▶ [TASK GOAL]:
Beneath this instruction is a listing. Transcribe from it only the stretch from the line with "为直径的圆O与边DE相切于点C,若AB=3,则线段CD的长为." through the line with "根据诸葛找房数据显示,威海24小时涨价房源量为2套,较02月22日持平。", both end lines included, exactly as written.

▶ [EXERCISE MATERIAL]:
◆ ◆ ◆

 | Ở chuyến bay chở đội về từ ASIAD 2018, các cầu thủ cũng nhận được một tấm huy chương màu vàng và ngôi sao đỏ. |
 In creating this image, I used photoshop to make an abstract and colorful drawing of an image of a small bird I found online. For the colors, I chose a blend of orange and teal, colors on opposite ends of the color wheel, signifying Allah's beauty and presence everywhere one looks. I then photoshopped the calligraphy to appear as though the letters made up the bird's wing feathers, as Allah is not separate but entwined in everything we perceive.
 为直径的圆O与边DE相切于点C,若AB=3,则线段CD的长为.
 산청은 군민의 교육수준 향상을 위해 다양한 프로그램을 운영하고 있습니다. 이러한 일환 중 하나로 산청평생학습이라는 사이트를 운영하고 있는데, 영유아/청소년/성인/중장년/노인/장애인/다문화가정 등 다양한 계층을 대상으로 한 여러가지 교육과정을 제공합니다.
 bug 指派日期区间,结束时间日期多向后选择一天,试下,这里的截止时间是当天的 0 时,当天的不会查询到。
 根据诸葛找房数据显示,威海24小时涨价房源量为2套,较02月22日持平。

◆ ◆ ◆

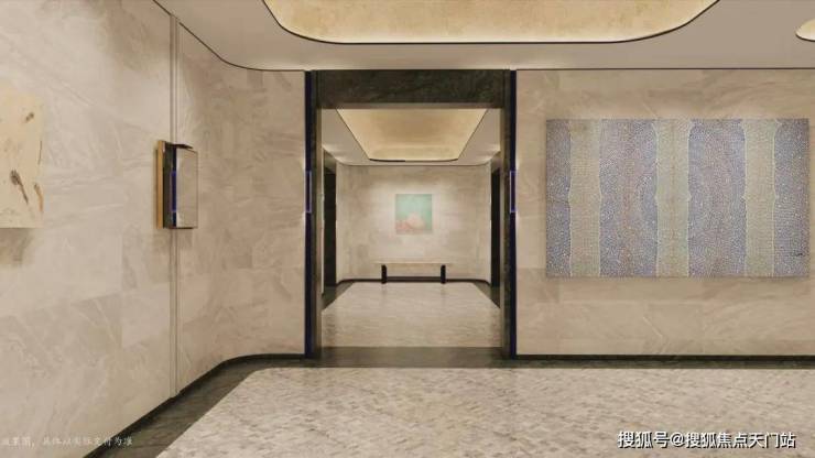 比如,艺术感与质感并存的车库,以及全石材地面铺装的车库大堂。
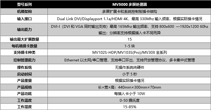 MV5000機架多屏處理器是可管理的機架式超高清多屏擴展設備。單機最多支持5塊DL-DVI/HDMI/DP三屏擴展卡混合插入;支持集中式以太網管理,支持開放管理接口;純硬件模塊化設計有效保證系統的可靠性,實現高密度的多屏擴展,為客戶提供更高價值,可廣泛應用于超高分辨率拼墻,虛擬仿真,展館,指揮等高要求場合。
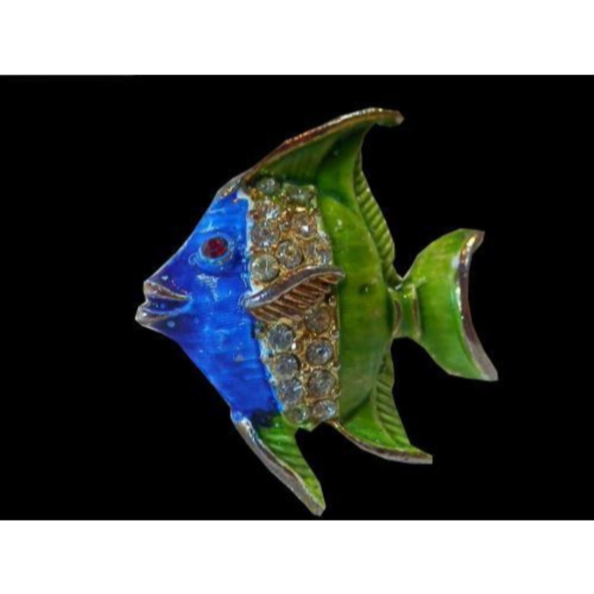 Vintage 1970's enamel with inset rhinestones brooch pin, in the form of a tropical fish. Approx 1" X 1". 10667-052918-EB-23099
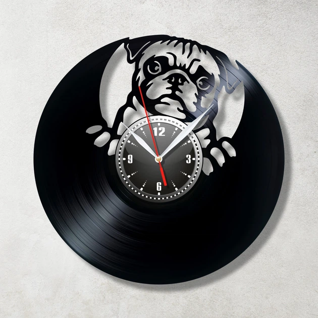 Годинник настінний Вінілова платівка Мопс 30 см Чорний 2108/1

◆ ◆ ◆

▶ [EXERCISE RESPONSE]:
 为直径的圆O与边DE相切于点C,若AB=3,则线段CD的长为.
 산청은 군민의 교육수준 향상을 위해 다양한 프로그램을 운영하고 있습니다. 이러한 일환 중 하나로 산청평생학습이라는 사이트를 운영하고 있는데, 영유아/청소년/성인/중장년/노인/장애인/다문화가정 등 다양한 계층을 대상으로 한 여러가지 교육과정을 제공합니다.
 bug 指派日期区间,结束时间日期多向后选择一天,试下,这里的截止时间是当天的 0 时,当天的不会查询到。
 根据诸葛找房数据显示,威海24小时涨价房源量为2套,较02月22日持平。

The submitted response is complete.